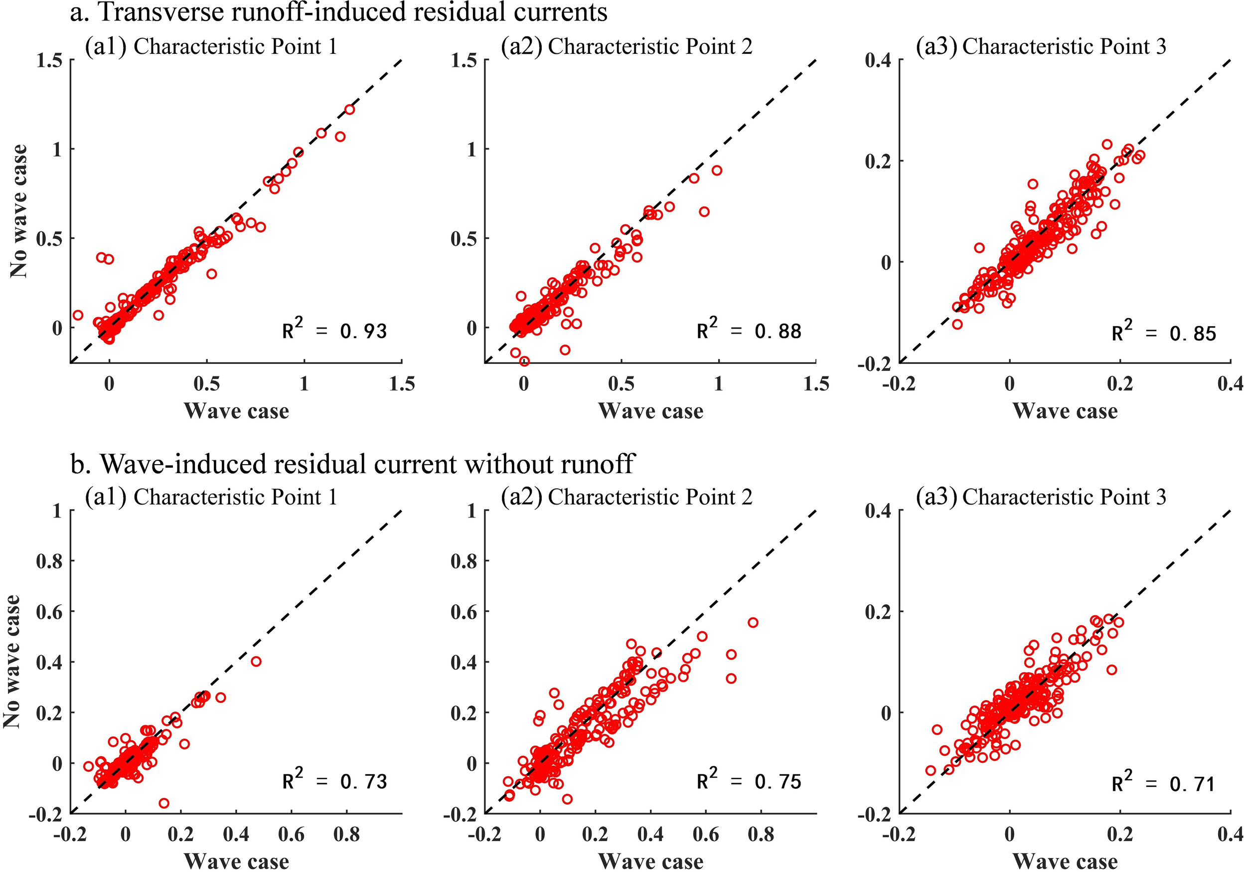 During high-runoff conditions in summer, the removal of runoff leads to a substantial reduction in wave-induced residual currents across the study area. The surface current direction remains seaward, but the high-value zones near both estuaries contract, with a more pronounced decrease around the southern estuary. The most significant reductions occur within the 0 ∼ 5 m depth range, where the number of data points with velocities between 0.01 and 0.04 m/s drops sharply (Figure 11b1). In addition, the surface wave-induced residual current beyond the 6m isobath decreases from 0.015 m/s to 0.002 m/s, and the current direction shifts from southward to southwestward, highlighting the essential role of runoff in sustaining offshore-directed residual currents. Compared to the surface layer, the response of bottom wave-induced residual currents to runoff changes is relatively weak, with reductions mainly concentrated in the nearshore areas and smaller velocity attenuation than that at the surface.
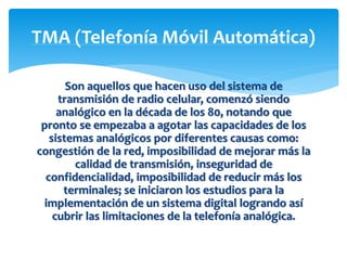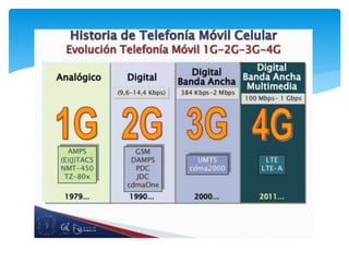 El documento describe los diferentes sistemas y tecnologías de telefonía móvil desde los analógicos iniciales hasta los actuales sistemas 4G. Explica que los sistemas celulares dividen el territorio en celdas cubiertas por estaciones base y cómo se han ido desarrollando tecnologías digitales como GSM, GPRS, UMTS, LTE y otras para proporcionar mayores velocidades de datos y nuevos servicios. También compara los principales operadores telefónicos en España y resume las diferentes bandas de frecuencias utilizadas
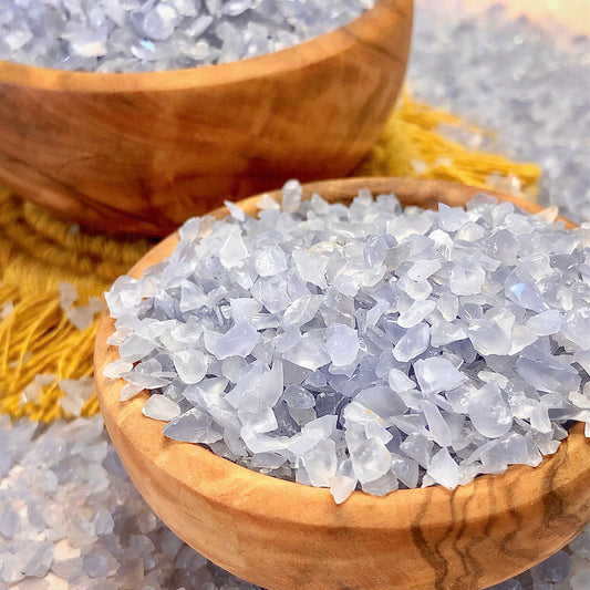Crushed Blue Chalcedony Chips (Grade A+) from Namibia, Pea-Sized Gravel (2mm-4mm)
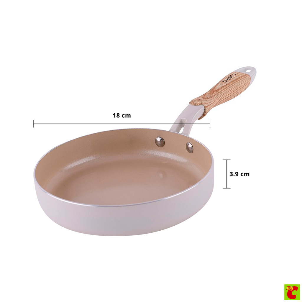เบสิโค กระทะอะลูมิเนียมเคลือบเซรามิก รุ่น T133AK-0118 ขนาดกระทะ 18 ซม. สีครีม
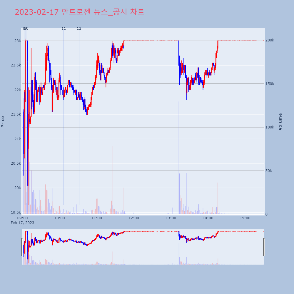 | 3 | 안트로젠, +29.93% 상한가안트로젠이 상한가를 기록했다. 전일 대비 29.93% | 조선경제 | 안트로젠 | 2023-02-16 10:23:21 |
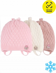 Теплая шапка для девочки, на завязках, с хлопковым подкладом и утеплителем «синтепон».
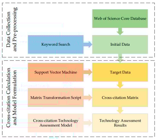 The research methodology employed in this study is shown in Figure 1 and comprises two main components: (1) Data collection and pre-processing, and (2) Cross-citation calculation and model formulation. The initial stage involves retrieving potentially relevant papers from the Web of Science core database using key search terms pertaining to the specific technical domain. Subsequently, the collected papers are refined using a binary classifier that employs term frequency to differentiate between relevant and irrelevant sources. The initial step encompasses retrieving potentially pertinent papers from the Web of Science core database by employing key search terms aligned with the specific technical domain of interest. The collected paper is then refined using a binary classifier, which utilizes term frequency to discern between relevant and irrelevant papers. The subsequent step involves computing cross-citations among corresponding papers for each technology within the domain, resulting in the creation of a cross-citation matrix. Subsequently, a technology assessment model is proposed that incorporates the cross-citation matrix to generate advanced assessment results for each technology.
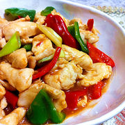鸡胸脯肉、青椒、红椒、葱白、番茄沙司、蚝油、淀粉、小苏打、胡椒粉、味精、盐。
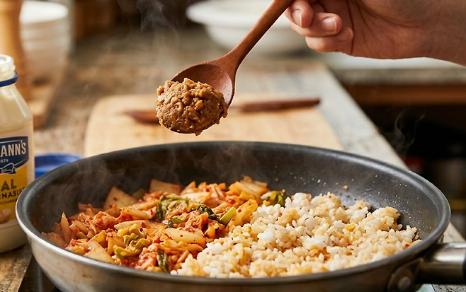 그럴 때 의외의 재료 두 가지만 추가하면 김치볶음밥의 풍미가 완전히 달라집니다. 바로 된장과 마요네즈입니다. 처음 들으면 어울리지 않을 것 같지만, 실제로 넣어보면 감칠맛과 고소함이 더해져 훨씬 깊은 맛을 만들어 줍니다.

_What to work on_.
An exact copy of every entry, minus the pictures, is what you should return.

_Answer to the exercise_.
 During high-runoff conditions in summer, the removal of runoff leads to a substantial reduction in wave-induced residual currents across the study area. The surface current direction remains seaward, but the high-value zones near both estuaries contract, with a more pronounced decrease around the southern estuary. The most significant reductions occur within the 0 ∼ 5 m depth range, where the number of data points with velocities between 0.01 and 0.04 m/s drops sharply (Figure 11b1). In addition, the surface wave-induced residual current beyond the 6m isobath decreases from 0.015 m/s to 0.002 m/s, and the current direction shifts from southward to southwestward, highlighting the essential role of runoff in sustaining offshore-directed residual currents. Compared to the surface layer, the response of bottom wave-induced residual currents to runoff changes is relatively weak, with reductions mainly concentrated in the nearshore areas and smaller velocity attenuation than that at the surface.
 El documento describe los diferentes sistemas y tecnologías de telefonía móvil desde los analógicos iniciales hasta los actuales sistemas 4G. Explica que los sistemas celulares dividen el territorio en celdas cubiertas por estaciones base y cómo se han ido desarrollando tecnologías digitales como GSM, GPRS, UMTS, LTE y otras para proporcionar mayores velocidades de datos y nuevos servicios. También compara los principales operadores telefónicos en España y resume las diferentes bandas de frecuencias utilizadas
Crushed Blue Chalcedony Chips (Grade A+) from Namibia, Pea-Sized Gravel (2mm-4mm)
เบสิโค กระทะอะลูมิเนียมเคลือบเซรามิก รุ่น T133AK-0118 ขนาดกระทะ 18 ซม. สีครีม
 | 3 | 안트로젠, +29.93% 상한가안트로젠이 상한가를 기록했다. 전일 대비 29.93% | 조선경제 | 안트로젠 | 2023-02-16 10:23:21 |
 Теплая шапка для девочки, на завязках, с хлопковым подкладом и утеплителем «синтепон».
 The research methodology employed in this study is shown in Figure 1 and comprises two main components: (1) Data collection and pre-processing, and (2) Cross-citation calculation and model formulation. The initial stage involves retrieving potentially relevant papers from the Web of Science core database using key search terms pertaining to the specific technical domain. Subsequently, the collected papers are refined using a binary classifier that employs term frequency to differentiate between relevant and irrelevant sources. The initial step encompasses retrieving potentially pertinent papers from the Web of Science core database by employing key search terms aligned with the specific technical domain of interest. The collected paper is then refined using a binary classifier, which utilizes term frequency to discern between relevant and irrelevant papers. The subsequent step involves computing cross-citations among corresponding papers for each technology within the domain, resulting in the creation of a cross-citation matrix. Subsequently, a technology assessment model is proposed that incorporates the cross-citation matrix to generate advanced assessment results for each technology.
鸡胸脯肉、青椒、红椒、葱白、番茄沙司、蚝油、淀粉、小苏打、胡椒粉、味精、盐。
 그럴 때 의외의 재료 두 가지만 추가하면 김치볶음밥의 풍미가 완전히 달라집니다. 바로 된장과 마요네즈입니다. 처음 들으면 어울리지 않을 것 같지만, 실제로 넣어보면 감칠맛과 고소함이 더해져 훨씬 깊은 맛을 만들어 줍니다.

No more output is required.